* ABOUT THIS EXERCISE:
Only a number is wanted here: how many lines in the entries below contain the word "Silver".

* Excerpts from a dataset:
-- Opening Marker --
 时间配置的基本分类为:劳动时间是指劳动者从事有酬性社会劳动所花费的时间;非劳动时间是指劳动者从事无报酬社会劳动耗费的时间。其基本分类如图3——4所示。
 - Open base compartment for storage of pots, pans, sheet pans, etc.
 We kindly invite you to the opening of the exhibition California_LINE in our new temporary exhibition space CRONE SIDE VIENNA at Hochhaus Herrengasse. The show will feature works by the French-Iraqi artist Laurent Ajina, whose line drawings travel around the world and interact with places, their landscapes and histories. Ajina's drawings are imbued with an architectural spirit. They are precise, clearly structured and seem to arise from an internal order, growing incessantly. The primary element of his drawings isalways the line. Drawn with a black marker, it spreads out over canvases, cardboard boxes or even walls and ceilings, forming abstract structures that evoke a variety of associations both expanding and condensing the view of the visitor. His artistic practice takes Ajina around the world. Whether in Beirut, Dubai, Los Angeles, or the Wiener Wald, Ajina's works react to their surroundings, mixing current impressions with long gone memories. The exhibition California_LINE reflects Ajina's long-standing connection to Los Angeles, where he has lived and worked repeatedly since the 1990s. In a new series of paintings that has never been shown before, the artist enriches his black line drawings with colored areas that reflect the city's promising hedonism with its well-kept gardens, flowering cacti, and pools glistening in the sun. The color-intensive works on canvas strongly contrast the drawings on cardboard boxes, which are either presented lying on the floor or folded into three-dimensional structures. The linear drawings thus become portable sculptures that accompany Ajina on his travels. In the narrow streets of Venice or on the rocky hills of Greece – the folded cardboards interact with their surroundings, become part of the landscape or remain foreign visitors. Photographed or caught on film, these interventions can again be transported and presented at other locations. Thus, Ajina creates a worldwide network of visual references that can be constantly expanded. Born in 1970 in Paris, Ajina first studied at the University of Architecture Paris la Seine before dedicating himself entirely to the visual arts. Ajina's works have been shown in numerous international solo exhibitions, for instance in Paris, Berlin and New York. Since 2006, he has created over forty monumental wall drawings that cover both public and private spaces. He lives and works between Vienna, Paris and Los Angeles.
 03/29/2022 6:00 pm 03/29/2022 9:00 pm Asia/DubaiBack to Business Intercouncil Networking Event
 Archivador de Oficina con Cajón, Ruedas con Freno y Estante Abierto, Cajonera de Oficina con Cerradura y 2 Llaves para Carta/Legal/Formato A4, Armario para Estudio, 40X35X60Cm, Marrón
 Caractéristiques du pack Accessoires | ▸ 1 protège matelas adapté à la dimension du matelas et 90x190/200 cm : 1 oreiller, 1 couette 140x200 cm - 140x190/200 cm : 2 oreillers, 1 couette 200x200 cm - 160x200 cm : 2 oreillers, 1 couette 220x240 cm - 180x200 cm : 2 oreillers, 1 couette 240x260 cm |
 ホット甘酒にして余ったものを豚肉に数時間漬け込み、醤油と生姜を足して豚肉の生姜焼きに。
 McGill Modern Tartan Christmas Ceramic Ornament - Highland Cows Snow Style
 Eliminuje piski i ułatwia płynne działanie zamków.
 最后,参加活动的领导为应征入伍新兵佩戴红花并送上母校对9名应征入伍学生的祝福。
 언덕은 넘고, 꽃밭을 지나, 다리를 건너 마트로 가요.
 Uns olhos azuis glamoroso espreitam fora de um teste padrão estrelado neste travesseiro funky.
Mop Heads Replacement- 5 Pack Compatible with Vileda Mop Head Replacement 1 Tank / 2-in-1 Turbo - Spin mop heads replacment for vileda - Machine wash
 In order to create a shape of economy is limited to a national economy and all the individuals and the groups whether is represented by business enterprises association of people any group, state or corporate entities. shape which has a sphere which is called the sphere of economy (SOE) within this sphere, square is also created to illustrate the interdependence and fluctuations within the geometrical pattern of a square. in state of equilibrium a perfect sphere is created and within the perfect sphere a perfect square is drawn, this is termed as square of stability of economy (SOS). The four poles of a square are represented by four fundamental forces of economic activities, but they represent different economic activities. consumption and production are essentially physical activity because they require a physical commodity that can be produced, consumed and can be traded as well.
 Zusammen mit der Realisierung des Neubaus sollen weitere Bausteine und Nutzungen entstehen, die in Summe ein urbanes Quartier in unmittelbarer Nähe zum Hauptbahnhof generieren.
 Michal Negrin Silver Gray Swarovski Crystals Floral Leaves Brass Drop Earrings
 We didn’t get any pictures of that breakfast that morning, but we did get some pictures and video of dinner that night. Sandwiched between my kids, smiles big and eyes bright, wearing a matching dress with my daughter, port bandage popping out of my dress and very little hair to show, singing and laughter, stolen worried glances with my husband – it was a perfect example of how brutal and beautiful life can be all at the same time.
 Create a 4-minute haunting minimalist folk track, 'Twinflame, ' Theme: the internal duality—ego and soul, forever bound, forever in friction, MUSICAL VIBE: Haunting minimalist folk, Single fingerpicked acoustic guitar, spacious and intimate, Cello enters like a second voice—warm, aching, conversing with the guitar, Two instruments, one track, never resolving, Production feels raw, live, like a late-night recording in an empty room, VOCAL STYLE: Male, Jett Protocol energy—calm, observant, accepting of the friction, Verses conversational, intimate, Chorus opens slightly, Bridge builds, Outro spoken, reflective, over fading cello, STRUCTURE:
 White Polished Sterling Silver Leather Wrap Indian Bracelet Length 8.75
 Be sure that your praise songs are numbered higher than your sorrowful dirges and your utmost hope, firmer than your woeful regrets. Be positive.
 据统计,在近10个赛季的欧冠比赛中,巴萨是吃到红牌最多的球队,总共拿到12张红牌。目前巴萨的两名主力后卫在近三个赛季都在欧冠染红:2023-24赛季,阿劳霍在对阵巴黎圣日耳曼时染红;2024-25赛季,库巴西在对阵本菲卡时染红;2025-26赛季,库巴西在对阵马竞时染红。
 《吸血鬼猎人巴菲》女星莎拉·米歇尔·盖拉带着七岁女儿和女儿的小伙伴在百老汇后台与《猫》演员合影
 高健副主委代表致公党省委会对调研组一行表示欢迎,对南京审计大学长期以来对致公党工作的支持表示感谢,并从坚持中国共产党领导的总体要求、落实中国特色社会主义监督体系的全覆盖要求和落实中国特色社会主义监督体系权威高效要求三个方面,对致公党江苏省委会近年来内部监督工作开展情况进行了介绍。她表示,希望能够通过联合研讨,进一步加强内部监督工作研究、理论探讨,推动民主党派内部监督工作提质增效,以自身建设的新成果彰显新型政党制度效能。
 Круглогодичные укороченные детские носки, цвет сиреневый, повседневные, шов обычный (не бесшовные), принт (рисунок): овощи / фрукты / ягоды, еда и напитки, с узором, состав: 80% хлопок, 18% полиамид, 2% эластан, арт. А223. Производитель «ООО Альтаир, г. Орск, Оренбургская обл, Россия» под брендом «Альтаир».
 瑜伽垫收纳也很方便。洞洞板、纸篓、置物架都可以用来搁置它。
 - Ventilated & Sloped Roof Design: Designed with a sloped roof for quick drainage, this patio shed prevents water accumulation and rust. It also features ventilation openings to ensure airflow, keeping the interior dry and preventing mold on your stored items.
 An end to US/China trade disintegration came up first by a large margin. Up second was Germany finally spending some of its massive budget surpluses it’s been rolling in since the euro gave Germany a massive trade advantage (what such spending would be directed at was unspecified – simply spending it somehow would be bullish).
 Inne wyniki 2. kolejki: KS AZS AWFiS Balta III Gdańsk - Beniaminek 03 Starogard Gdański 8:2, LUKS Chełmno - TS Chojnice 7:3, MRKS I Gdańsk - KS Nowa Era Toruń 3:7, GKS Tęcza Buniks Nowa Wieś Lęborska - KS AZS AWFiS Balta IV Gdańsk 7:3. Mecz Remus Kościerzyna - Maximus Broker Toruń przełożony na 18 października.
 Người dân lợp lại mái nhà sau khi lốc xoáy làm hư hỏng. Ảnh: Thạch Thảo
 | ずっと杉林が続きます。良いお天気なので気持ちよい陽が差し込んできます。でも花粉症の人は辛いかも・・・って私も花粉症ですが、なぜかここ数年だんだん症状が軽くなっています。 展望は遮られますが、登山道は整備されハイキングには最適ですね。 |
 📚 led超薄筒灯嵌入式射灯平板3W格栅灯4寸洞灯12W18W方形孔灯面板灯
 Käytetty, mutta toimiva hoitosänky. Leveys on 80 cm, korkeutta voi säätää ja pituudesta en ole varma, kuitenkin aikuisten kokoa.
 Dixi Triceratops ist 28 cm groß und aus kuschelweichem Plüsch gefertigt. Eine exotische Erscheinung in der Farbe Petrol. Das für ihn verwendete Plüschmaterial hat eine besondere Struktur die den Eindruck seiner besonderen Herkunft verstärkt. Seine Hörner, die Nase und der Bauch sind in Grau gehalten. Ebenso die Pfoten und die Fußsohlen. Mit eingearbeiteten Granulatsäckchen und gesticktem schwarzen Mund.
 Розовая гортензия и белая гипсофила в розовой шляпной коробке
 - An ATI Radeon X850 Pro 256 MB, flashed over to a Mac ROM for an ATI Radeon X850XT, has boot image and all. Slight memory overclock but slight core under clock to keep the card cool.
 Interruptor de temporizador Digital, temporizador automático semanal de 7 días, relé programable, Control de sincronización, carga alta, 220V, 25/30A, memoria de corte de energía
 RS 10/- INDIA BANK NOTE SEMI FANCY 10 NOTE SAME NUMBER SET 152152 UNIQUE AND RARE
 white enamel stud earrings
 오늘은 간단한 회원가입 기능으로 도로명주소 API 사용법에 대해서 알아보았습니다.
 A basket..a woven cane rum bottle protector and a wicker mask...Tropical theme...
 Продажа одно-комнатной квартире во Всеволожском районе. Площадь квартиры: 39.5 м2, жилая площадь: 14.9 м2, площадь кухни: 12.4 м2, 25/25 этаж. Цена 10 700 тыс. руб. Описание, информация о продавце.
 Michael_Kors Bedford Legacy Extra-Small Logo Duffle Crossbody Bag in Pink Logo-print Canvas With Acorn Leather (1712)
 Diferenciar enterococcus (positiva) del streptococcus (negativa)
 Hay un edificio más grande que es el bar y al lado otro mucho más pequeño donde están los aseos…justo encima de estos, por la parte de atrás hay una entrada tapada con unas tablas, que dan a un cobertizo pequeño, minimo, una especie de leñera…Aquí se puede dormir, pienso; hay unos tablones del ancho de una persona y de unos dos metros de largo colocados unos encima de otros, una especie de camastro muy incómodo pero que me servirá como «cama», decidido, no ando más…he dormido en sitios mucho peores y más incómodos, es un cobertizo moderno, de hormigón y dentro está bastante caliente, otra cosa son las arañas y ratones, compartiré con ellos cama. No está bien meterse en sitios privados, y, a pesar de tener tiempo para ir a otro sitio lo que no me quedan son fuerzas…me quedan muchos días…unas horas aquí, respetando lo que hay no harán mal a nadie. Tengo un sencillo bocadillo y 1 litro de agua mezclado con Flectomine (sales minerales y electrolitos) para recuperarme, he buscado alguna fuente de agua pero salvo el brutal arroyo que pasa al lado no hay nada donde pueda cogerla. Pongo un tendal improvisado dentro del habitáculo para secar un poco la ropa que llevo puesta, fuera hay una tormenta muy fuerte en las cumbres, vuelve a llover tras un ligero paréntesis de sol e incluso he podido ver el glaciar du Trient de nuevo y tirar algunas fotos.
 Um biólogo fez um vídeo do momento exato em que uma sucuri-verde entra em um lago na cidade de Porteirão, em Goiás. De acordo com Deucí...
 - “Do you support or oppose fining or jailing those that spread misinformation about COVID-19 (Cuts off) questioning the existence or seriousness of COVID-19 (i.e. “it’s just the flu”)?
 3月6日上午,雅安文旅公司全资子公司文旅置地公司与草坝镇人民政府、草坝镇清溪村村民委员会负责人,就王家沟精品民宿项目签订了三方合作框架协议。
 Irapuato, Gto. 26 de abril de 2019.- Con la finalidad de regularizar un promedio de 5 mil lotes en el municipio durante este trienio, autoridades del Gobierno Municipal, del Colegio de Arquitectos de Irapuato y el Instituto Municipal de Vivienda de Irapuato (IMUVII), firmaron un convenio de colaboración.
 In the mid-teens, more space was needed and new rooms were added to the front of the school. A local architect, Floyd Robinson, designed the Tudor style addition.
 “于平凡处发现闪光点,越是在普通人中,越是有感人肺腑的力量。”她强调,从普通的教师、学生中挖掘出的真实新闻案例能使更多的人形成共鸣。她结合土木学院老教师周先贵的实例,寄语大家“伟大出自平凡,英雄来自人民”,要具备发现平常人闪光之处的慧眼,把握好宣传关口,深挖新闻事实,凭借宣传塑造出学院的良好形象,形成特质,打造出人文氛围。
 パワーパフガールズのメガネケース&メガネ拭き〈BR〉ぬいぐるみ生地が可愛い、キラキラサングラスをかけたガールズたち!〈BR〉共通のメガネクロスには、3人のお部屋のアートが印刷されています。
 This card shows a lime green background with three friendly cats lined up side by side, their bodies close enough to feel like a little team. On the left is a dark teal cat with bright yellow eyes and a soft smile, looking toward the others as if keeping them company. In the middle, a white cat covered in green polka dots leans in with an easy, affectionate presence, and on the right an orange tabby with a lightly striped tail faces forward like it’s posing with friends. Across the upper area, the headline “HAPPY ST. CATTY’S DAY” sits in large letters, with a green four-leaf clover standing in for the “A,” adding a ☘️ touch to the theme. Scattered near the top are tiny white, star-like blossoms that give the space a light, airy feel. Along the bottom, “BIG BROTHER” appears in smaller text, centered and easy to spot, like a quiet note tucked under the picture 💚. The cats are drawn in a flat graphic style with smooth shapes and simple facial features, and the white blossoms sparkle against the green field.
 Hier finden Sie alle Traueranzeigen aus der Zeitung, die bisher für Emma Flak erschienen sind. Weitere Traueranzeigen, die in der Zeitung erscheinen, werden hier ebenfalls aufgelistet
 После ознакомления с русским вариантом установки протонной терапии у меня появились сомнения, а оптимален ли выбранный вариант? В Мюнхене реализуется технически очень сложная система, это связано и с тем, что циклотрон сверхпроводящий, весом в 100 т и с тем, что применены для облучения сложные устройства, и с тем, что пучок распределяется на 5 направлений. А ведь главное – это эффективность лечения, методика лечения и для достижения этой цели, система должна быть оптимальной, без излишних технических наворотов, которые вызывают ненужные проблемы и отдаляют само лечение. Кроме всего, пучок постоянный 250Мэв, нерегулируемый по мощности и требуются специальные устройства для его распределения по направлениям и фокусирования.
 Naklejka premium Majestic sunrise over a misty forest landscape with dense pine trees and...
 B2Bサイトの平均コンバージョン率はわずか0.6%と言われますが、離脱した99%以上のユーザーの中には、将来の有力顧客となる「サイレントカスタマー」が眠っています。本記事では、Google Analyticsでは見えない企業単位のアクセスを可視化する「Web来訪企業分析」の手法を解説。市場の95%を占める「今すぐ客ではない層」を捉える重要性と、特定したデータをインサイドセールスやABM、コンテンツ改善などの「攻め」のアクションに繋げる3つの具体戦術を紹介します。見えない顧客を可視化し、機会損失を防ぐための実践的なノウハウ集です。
-- Closing Marker --
* EXERCISE SOLUTION:
2